__What to produce__
Below are records with pictures in them. Transcribe everything from the line containing "グラウンドでは、3・4年生が" down to the line containing "This Mama Loves", exactly, and leave the pictures behind.

__Stored data__
**********
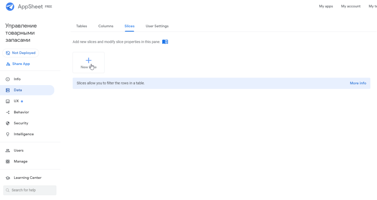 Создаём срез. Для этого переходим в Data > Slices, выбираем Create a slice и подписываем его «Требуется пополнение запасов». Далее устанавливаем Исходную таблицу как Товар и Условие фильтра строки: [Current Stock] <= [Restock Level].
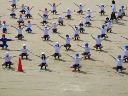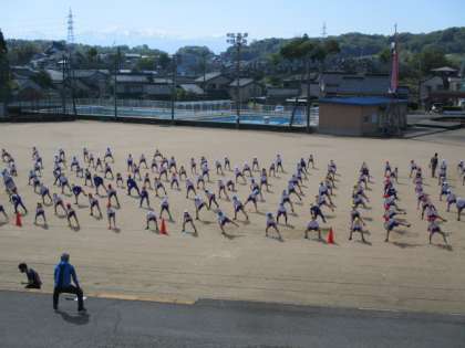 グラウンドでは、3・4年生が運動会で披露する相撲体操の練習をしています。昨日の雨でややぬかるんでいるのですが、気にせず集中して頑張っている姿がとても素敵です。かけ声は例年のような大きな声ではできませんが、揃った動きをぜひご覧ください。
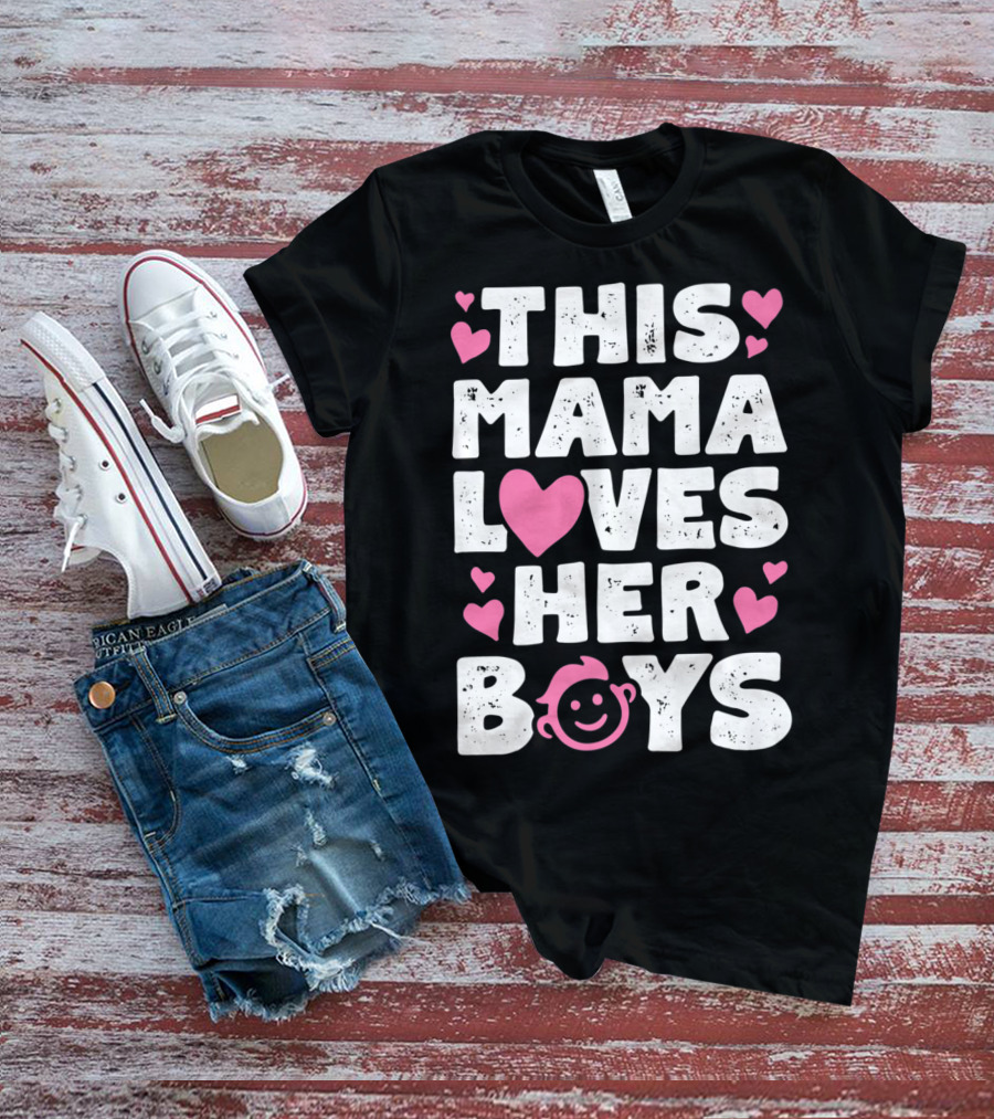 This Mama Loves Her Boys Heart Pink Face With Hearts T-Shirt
**********
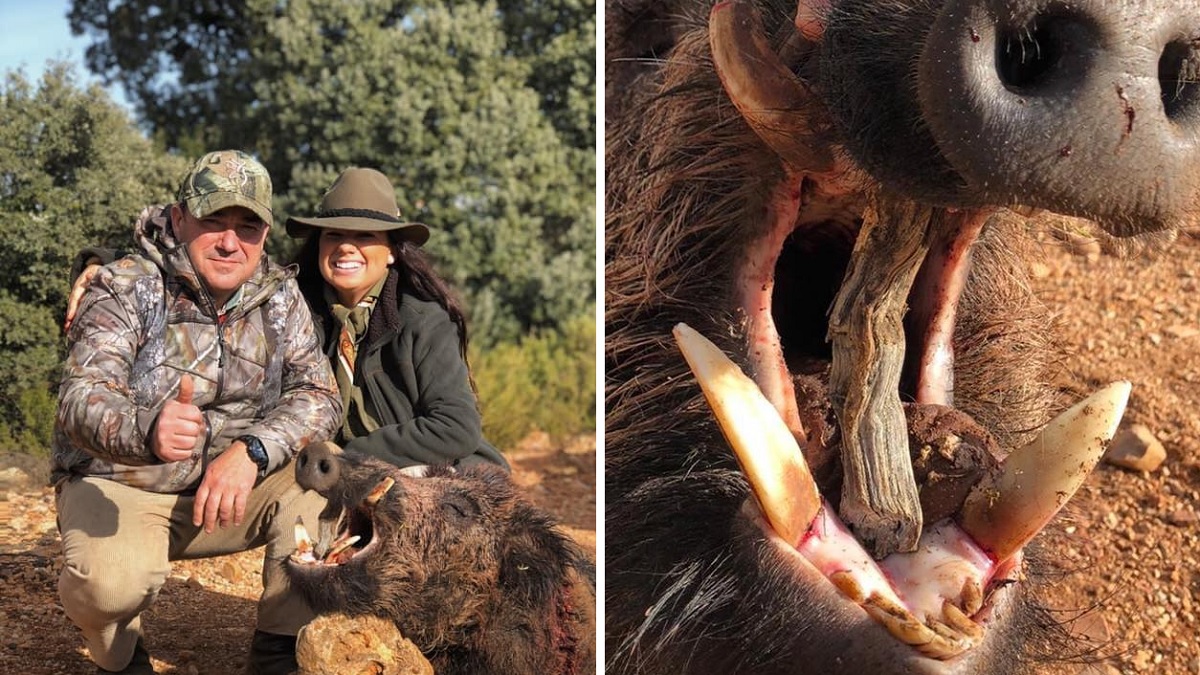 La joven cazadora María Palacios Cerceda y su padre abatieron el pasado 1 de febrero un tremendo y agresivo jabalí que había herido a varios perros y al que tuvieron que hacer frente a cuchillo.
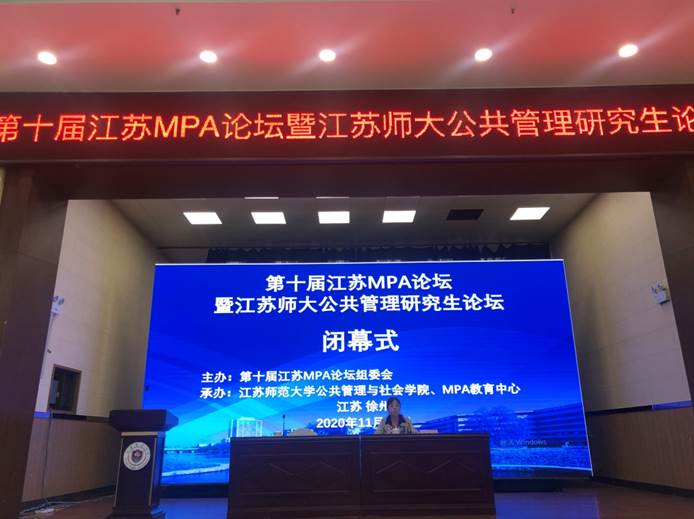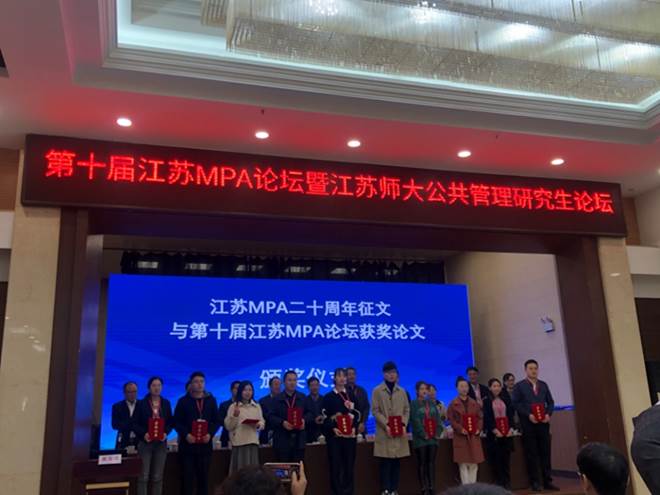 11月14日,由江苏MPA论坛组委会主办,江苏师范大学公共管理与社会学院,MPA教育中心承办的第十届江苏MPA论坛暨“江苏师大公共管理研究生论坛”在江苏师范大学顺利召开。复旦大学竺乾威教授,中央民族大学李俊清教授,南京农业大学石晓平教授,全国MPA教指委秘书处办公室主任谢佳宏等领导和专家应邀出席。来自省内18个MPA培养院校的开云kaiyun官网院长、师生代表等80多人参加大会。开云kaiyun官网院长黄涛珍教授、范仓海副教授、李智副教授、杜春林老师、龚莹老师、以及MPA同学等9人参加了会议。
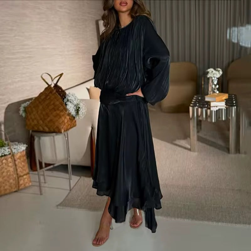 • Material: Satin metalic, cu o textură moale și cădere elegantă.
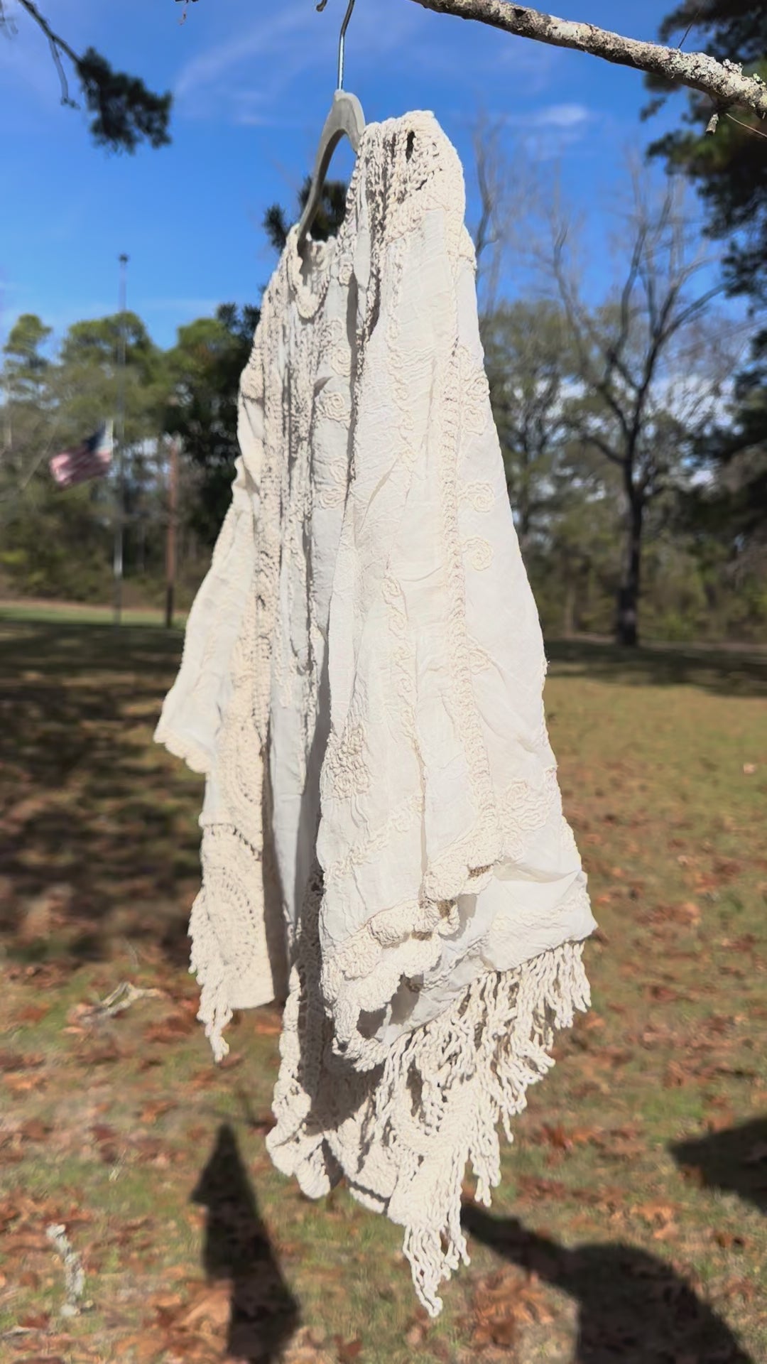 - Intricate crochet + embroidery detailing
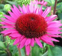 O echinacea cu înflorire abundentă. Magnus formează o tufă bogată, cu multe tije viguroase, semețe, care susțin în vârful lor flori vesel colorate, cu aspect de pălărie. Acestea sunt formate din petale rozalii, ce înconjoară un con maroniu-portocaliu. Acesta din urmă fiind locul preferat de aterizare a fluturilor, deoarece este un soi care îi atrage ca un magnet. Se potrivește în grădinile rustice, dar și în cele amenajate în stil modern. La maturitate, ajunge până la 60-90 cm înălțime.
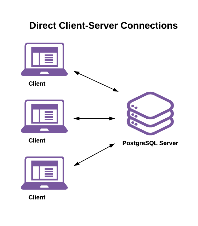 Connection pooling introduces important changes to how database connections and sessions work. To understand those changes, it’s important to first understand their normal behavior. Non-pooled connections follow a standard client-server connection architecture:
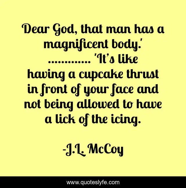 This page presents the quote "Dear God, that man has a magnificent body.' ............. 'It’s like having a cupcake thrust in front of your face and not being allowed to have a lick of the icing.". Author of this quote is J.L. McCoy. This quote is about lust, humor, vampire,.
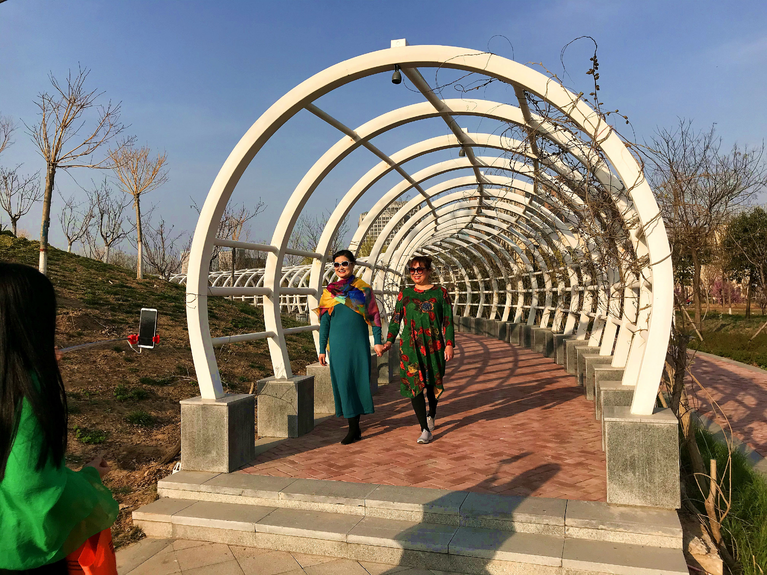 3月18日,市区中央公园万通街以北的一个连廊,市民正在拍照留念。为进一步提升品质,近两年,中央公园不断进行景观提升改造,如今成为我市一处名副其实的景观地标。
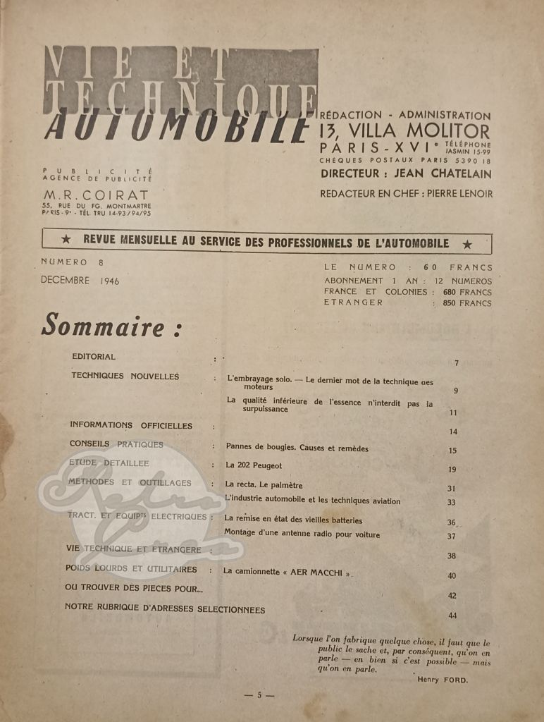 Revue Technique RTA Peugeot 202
**********
__Exercise answer__
 グラウンドでは、3・4年生が運動会で披露する相撲体操の練習をしています。昨日の雨でややぬかるんでいるのですが、気にせず集中して頑張っている姿がとても素敵です。かけ声は例年のような大きな声ではできませんが、揃った動きをぜひご覧ください。
 This Mama Loves Her Boys Heart Pink Face With Hearts T-Shirt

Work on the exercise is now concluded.